USING PERIODIC COMMIT 1000
LOAD CSV FROM 'file:///source_locations.tsv' AS line FIELDTERMINATOR '	'
MATCH (source), (location:Resource:ns0__Location { uri: line[1] })
WHERE (source:ns0__SourceName OR source:ns0__SourceURL) AND source.uri = line[0]

MERGE (source)-[r:ns0__isLocatedIn]->(location)
ON CREATE
SET r.ns0__deduplicationCreatedDate = datetime()
ON MATCH
SET r.ns0__deduplicationUpdatedDate = datetime()

RETURN source.uri, location.uri

Running this however creates a cartesian product between sources and locations which is large. We have around 170k sources and 200k locations. In fact, on our 32GB RAM configuration (single instance), we can not run this query, at least not within a reasonable time (several hours).
A potential idea is to fold the input to a map as such:

sources_map[location, [list_of_sources]]

This would reduce the runtime from quadratic to O(n*m), and may allow us to insert the desired data.
Unfortunately, to me, there appears to be no straightforward way to implement this (from the given CSV) in Neo4j.

I am a bit surprised as one could argue this is a really common operation, and the query planner should recognise this and optimise accordingly (in fact, running a DISTINCT on sources will return less than 300 sources :)).

If you are stating that a single location can have multiple source uri values, then you could do the following.
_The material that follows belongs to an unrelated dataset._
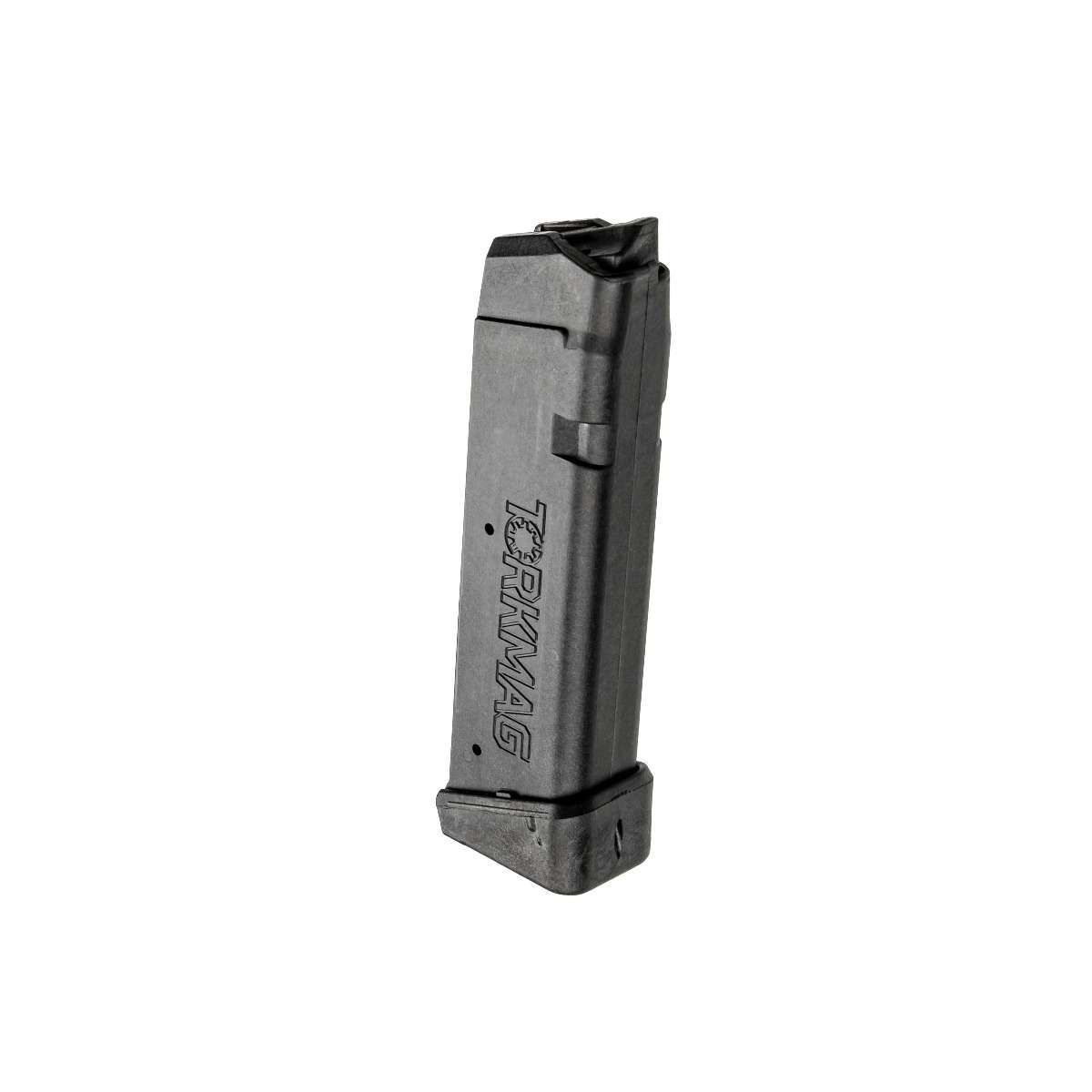 The 20rd TorkMag is the same size as a factory 17-round magazine with +2 extension. The included baseplate allows for quick retrieval from a pouch under stress. All injection molded with metal replacement polymer made right here in the U.S. The TorkMag has ambidextrous mag catches to ensure accessibility. An AR15 mag catch is also molded into the left side of the main tube to allow out-of-the-box use with our Magdapt 17 conversion kit for pistol-caliber AR carbines. Two witness holes indicate when the mag is loaded with 10 and 20 rounds. DISCLAIMER: This product is not manufactured, authorized, endorsed, or warranted by GLOCK. GLOCK does not warrant or represent that this product is compatible with GLOCK pistols.

You will have to see if performance is any better and if memory is an issue, as it has to group all the data by location first.

Also, you may want to try just removing the return statement to see how the performance is. This can add a lot of time and memory needs for a large import. Especially if you are doing it on the browser.

:auto
LOAD CSV FROM 'file:///source_locations.tsv' AS line FIELDTERMINATOR '	'
WITH line[1] as location_uri, collect(line[0]) as source_uris
CALL {
    WITH location_uri, source_uris
    MATCH (location:Resource:ns0__Location { uri: location_uri })
    UNWIND source_uris as source_uri
    MATCH (source)
    WHERE (source:ns0__SourceName OR source:ns0__SourceURL) AND source.uri = source_uri
    MERGE (source)-[r:ns0__isLocatedIn]->(location)
    ON CREATE
    SET r.ns0__deduplicationCreatedDate = datetime()
    ON MATCH
    SET r.ns0__deduplicationUpdatedDate = datetime()
} in transactions of 1000 rows

Hi Garry,

Indeed we did not see any performance improvements with your query, but the following recipe could help alleviate some pain (it is still very slow).
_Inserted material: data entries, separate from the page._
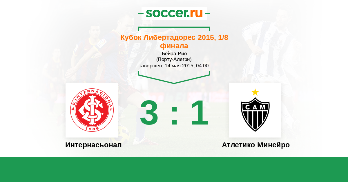Кубок Либертадорес 07.05.2015 Атлетико Минейро Логотип футбольный клуб Атлетико Минейро (Белу-Оризонти) 2:2 Логотип футбольный клуб Интернасьонал (Порту-Алегри) Интернасьонал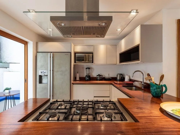 Construite dans les années 1970 par l’architecte Fernando Português, la propriété reflète le style moderniste brésilien et conserve l’esprit des maisons des années 1950 avec portes hautes, fenêtres en bois et usage de roches naturelles. Son architecture ouverte et ses grandes baies vitrées permettent une interaction harmonieuse avec la nature, offrant lumière naturelle et vues spectaculaires depuis tous les niveaux.
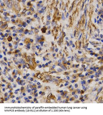 Proteins of the matrix metalloproteinase (MMP) family are involved in the breakdown of extracellular matrix in normal physiological processes, such as embryonic development, reproduction, and tissue remodeling, as well as in disease processes, such as arthritis and metastasis. Most MMPs are secreted as inactive proproteins which are activated when cleaved by extracellular proteinases. However, the protein encoded by this gene is a member of the membrane-type MMP (MT-MMP) subfamily, attached to the plasma membrane via a glycosylphosphatidyl inositol anchor. In response to bacterial infection or inflammation, the encoded protein is thought to inactivate alpha-1 proteinase inhibitor, a major tissue protectant against proteolytic enzymes released by activated neutrophils, facilitating the transendothelial migration of neutrophils to inflammatory sites. The encoded protein may also play a role in tumor invasion and metastasis through activation of MMP2. The gene has previously been referred to as MMP20 but has been renamed MMP25.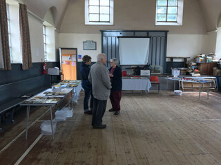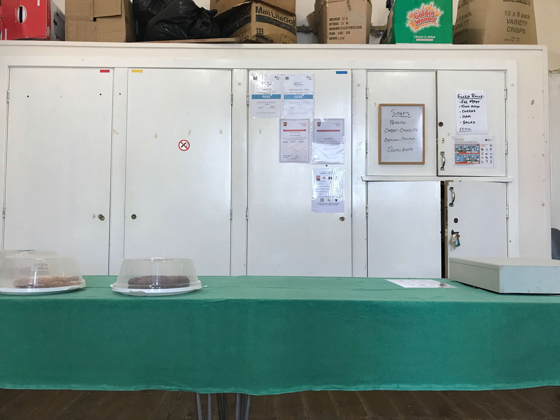 eigentlich öffne man erst um zwölf aber man mache eine ausnahme. mary weist uns den weg in eine art schrammeligen dunklen gemeindesaal in dem mehrere tische aufgestellt sind sowie eine längere tafel wo schon ein paar kuchenplatten stehen.

  • sort your input file by group, in our case this is done using sort -t$"\t" -k 2
  • increase the transaction size (if your memory allows)
  • split your input into several files and run them concurrently (again, if your memory allows)
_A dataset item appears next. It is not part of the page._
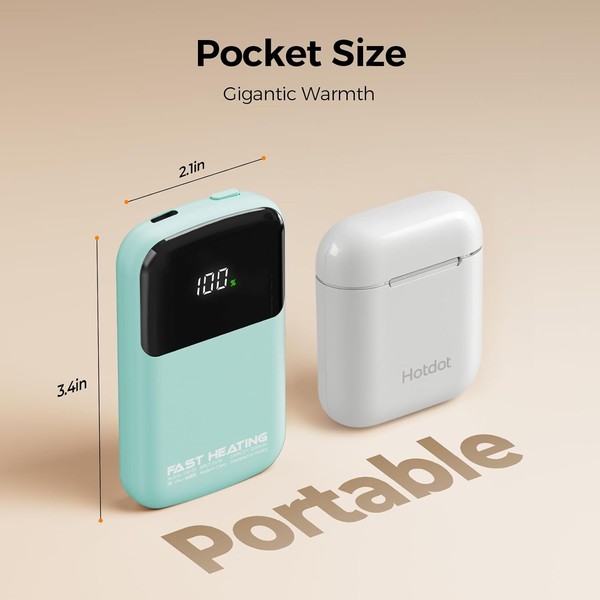 Rechargeable AI Hand Warmers – 4-Pack Portable Electric Hand Warmers with LED Display, Adjustable Temperature, Fast Heating – Gift Box Included – Ideal for Men, Women, Hunting, Camping (Cyan)
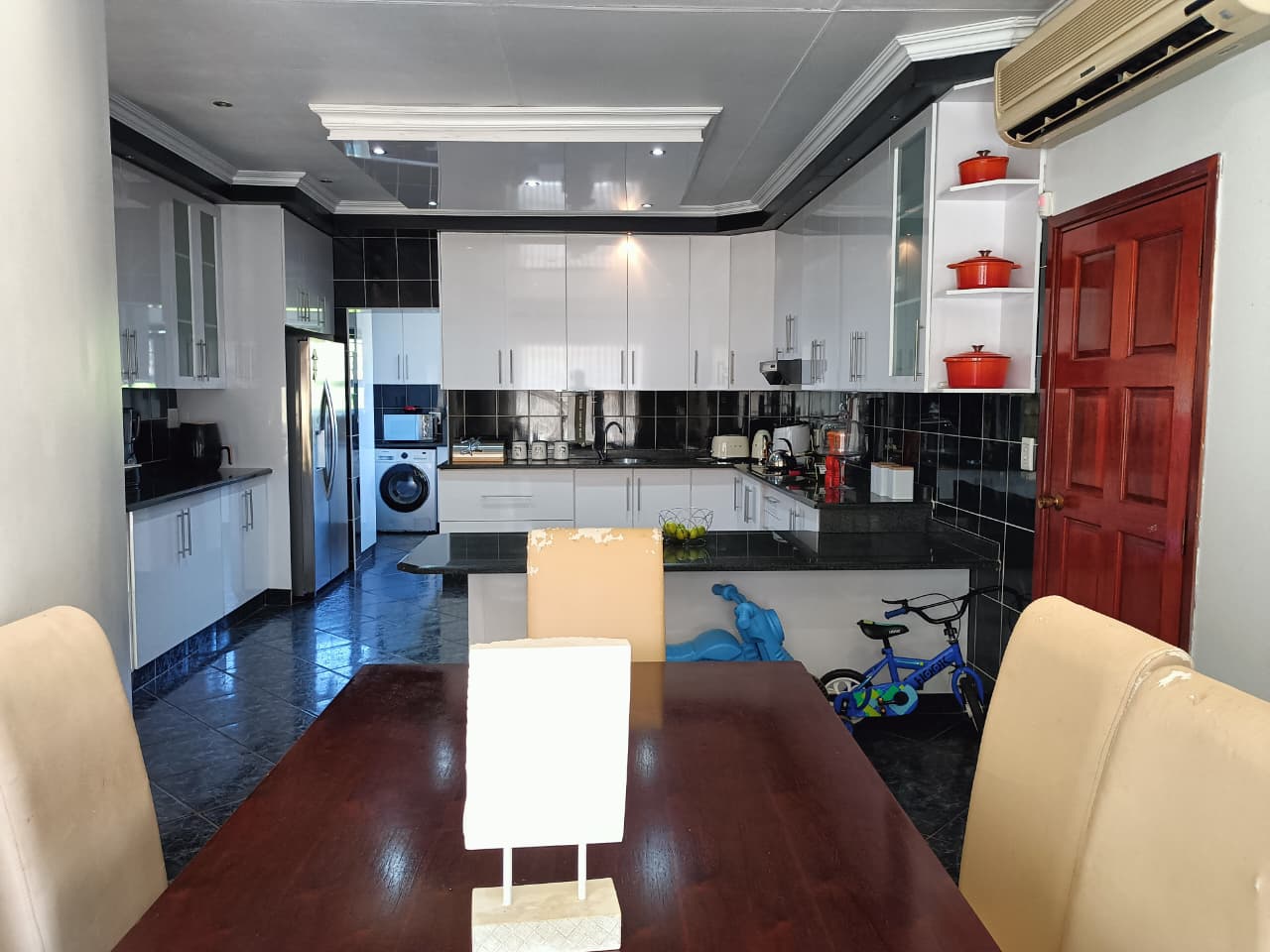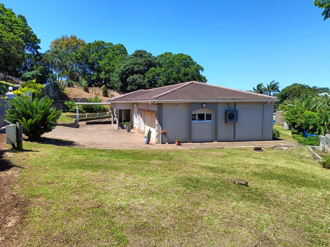 Discover this elegant and spacious upmarket home, perfectly situated in a quiet and sought-after area of Shelly Beach. This property offers a blend of comfort, style, and functionality — ideal for modern family living. Interior Features Upon entering, you’re welcomed by a spacious lounge that flows seamlessly into a separate open-plan dining area. The modern kitchen features granite countertops, a glass-top stove, undercounter oven, and plenty of built-in cupboards. A large scullery offers additional storage and convenience, complete with a second gas stove top. The home boasts three well-sized bedrooms, all fitted with built-in cupboards and air conditioners. The main bedroom includes a walk-through dressing area leading to a luxurious en-suite bathroom with a shower. A fourth room can either be used as a study on converted to a bedroom. A guest bathroom with a shower and a separate guest toilet with basin complete the interior. The home is fully tiled throughout and features beautifully designed ceilings for a stylish finish. Exterior Features Double lock-up garage plus a carport accommodating two additional vehicles. A JoJo water tank connected to the house ensures a reliable water supply. The property is fully fenced for privacy and security. Aluminium windows add a modern and low-maintenance touch. This stunning property is move-in ready and perfect for buyers seeking a peaceful, upmarket lifestyle close to all amenities in Shelly Beach. Location: Shelly Beach, South Coast: 3 Bedrooms | 2.5 Bathrooms | Double Garage + Carport

Having spent the better part of a day investigating this it is absolutely bewildering to me. We can insert hundreds of thousands of nodes into our graph, with edges, in seconds. We cannot insert edges between a list of existing nodes. It appears this is indeed an edge case of Neo4j and not how it is designed to be used.
We will plan accordingly in the future.

Next question, do you have indexed on your uri properties for the relevant labels?

Hi Gary, thanks for following up!

Indeed we do have a constraint on the uri field:

| "n10s_unique_uri" | "CONSTRAINT ON ( resource:Resource ) ASSERT (resource.uri) IS UNIQUE" | "Constraint( id=4, name='n10s_unique_uri', type='UNIQUENESS', schema=(:Resource {uri}), ownedIndex=3 )" |

I should have noted this in the original question. ns0__SourceName and ns0__SourceURL and ns0__Location nodes also all share the :Resource label.

Good to know. The query does not have Source as a Resource node. Maybe the following will help use your index.

:auto
LOAD CSV FROM 'file:///source_locations.tsv' AS line FIELDTERMINATOR '	'
WITH line[1] as location_uri, collect(line[0]) as source_uris
CALL {
    WITH location_uri, source_uris
    MATCH (location:Resource:ns0__Location {uri:location_uri})
    UNWIND source_uris as source_uri
    MATCH (source:Resource{uri:source_uri})
    WHERE (source:ns0__SourceName OR source:ns0__SourceURL)
    MERGE (source)-[r:ns0__isLocatedIn]->(location)
    ON CREATE
    SET r.ns0__deduplicationCreatedDate = datetime()
    ON MATCH
    SET r.ns0__deduplicationUpdatedDate = datetime()
} in transactions of 1000 rows

Have you looked at the query plan to see if it is picking up the index?